On Sat, 8 Mar 2008, Alexandre Oliva wrote:

> On Mar  4, 2008, Richard Guenther <rguenther@suse.de> wrote:
> 
> > the type of the result is unspecified.
> 
> ???  You mean, other than by TREE_TYPE of the BIT_FIELD_REF?  I'm
> pretty sure that's what specifies the type of the result.

You are late, the second patch installed that gets rid of
BIT_FIELD_REF_UNSIGNED constrains it to be of the same "precision"
of the extracted bitsize.

> > I suggest to make sure that bit position and size are constants,
> 
> +1
>
> > the object referenced is of integral type
> 
> This would break the use of SRA to extract sub-objects of non-integral
> type.  IIRC Ada does such things.

No frontend generates BIT_FIELD_REF.  But yes, SRA does with
structures as base object.  We don't yet enforce this, MEM_REF
will enforce BIT_FIELD_REF operates on registers only.
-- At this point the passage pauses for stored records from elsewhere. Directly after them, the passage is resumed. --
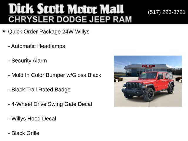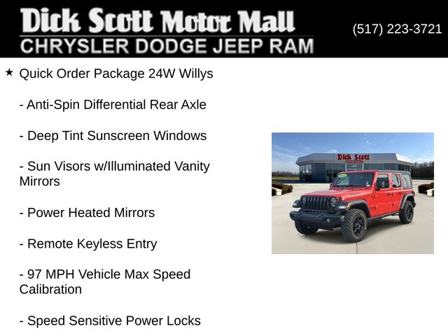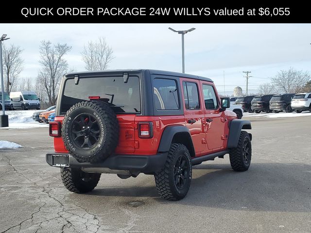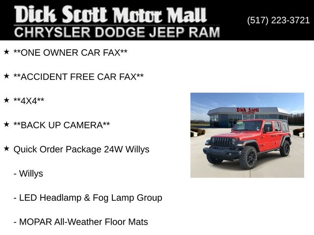 **ONE OWNER CAR FAX**, **ACCIDENT FREE CAR FAX**, **4X4**, **BACK UP CAMERA**, Wrangler Unlimited Willys, 4D Sport Utility, 3.6L V6 24V VVT, 8-Speed Automatic, 4WD, Firecracker Red Clearcoat, Black Cloth, 4-Wheel Disc Brakes, 4-Wheel Drive Swing Gate Decal, 97 MPH Vehicle Max Speed Calibration, ABS brakes, Anti-Spin Differential Rear Axle, Automatic Headlamps, Black Grille, Black Trail Rated Badge, Deep Tint Sunscreen Windows, Front 1-Touch Down Power Windows, Front LED Fog Lamps, Leather Wrapped Steering Wheel, LED Headlamp & Fog Lamp Group, LED Premium Reflector Headlamps, Matte Black Jeep Badge, Mold In Color Bumper w/Gloss Black, MOPAR All-Weather Floor Mats, Power Heated Mirrors, Quick Order Package 24W Willys, Remote Keyless Entry, Security Alarm, Speed Sensitive Power Locks, Sun Visors w/Illuminated Vanity Mirrors, Wheels: 17" x 7.5" Moab Black Aluminum, Willys, Willys Hood Decal. Odometer is 11258 miles below market average!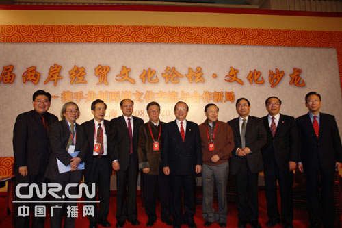中廣網(wǎng)上海12月21日消息(記者李志勇 張鵬)第四屆兩岸經(jīng)貿(mào)文化論壇·文化沙龍昨晚9點(diǎn)舉行。文化沙龍由東方衛(wèi)視主持人曹可凡和遠(yuǎn)見雜志創(chuàng)辦人高希均主持,大陸著名作家王蒙、臺(tái)灣藝術(shù)大學(xué)校長黃光男、大陸著名文化學(xué)者余秋雨、臺(tái)灣著名政論家南方朔在臺(tái)上分別從各自的領(lǐng)域和視角,就兩岸文化交流的基礎(chǔ)、領(lǐng)域、方式或前景發(fā)表見解。不過,他們不約而同地都提到了同屬兩岸的中華文化,這似乎也找到了攜手共創(chuàng)兩岸文化交流與合作新局的些許答案。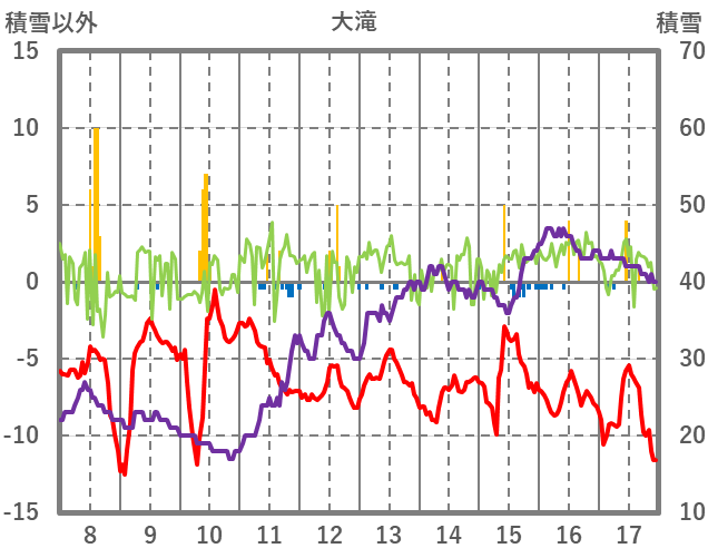 | 日 | 時 | 気温 | 降水 | 風向/風速 | 日照 | 積雪 | 降雪 |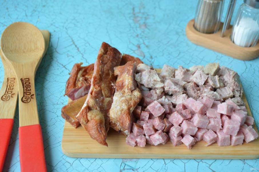 5. Порежьте ребра по мясной прослойке вдоль, остальные мясные продукты кубиками, включая мясо вареное.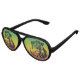 Black silhouette lion's head over a rasta coloured red, yellow and green sunset background sunglasses

> > the result type is of the same type as the operand zero type
>
> Err, this doesn't make much sense to me.  Consider:

Right.  By means of fixing the BIT_FIELD_REF_UNSIGNED case it is now
as specified above.
 
> It seems like what you're proposing would require explicit
> VIEW_CONVERT_EXPRs from k to some integral type, then a BIT_FIELD_REF
> that extracts bits into the same type, and then some other conversion
> to the type with the width and precision of the field type.

The least conversion is removed.  You can look at the MEM_REF branch
and see that the load from memory is done with a MEM_REF expression
from the register result the bits are extracted with BIT_FIELD_REF.
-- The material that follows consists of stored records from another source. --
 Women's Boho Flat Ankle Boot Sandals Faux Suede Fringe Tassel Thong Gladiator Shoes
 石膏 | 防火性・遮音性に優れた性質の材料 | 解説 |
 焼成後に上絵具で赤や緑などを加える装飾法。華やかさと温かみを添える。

> This is not just a lot of explicit conversion that might very well be
> encoded in BIT_FIELD_REF by avoiding its now-redundant TREE_TYPE (not
> necessarily a bad thing), but also a requirement for significantly
> different code paths to handle the two cases, which AFAICT will both
> lead to poorer optimization.
> 
> E.g., how do you envision generating code for foo() above?  (The call
> to bar() is there just to prevent the accesses to k from being
> short-circuited, such that reads and writes are both clearly spelled
> out).
> 
> FWIW, what we (could) do now is something along the lines of:
> 
>   BIT_FIELD_REF(int)<k, 3, 0> = x;
>   BIT_FIELD_REF(unsigned)<k, 5, 3> = y;
>   bar();
>   T.1 = BIT_FIELD_REF(int)<k, 3, 0>;
>   T.2 = BIT_FIELD_REF(unsigned)<k, 5, 3>;
>   T.3 = (int)T.2;
>   T.4 = T.1 + T.3;
>   return T.4;
> 
> > (and not a bitfield type of the referenced size -- in which case the
> > BIT_FIELD_REF_UNSIGNED would be useless)
> 
> There's no such thing as a language-independent bitfield type of the
> referenced size.  When you ask for an integral type with a certain bit
> width, you may get a wider type, even with a wider precision.  And
> that's where BIT_FIELD_REF_UNSIGNED should come into play, although I
> remember I had to deal with some inconsistencies in the handling of
> this stuff while working on SRA.
> 
> > fold currently optimizes a.b.c == 0 to BIT_FIELD_REF <a, 8, big-num> & 1
> > for bit field field-decls c.  IMHO this is bad because it pessimizes
> > TBAA (needs to use a's alias set, not the underlying integral type
> > alias set) and it "breaks" type correctness as arbitrary structure
> > types appear as operand zero.
> 
> I don't quite see how this breaks type correctness, can you elaborate?
> 
> I understand the problem about alias sets.  Ideally, if we're
> accessing part of an object with BIT_FIELD_REF, it would be useful to
> narrow the alias set such that only the alias sets of the fields
> present in words related with that region get a say in the aliasing
> properties of this statement.  For BIT_FIELD_REFs used only as inputs,

With MEM_REF this is done by explicitly tracking the alias-set used
for the access in the MEM_REF expr.

Richard.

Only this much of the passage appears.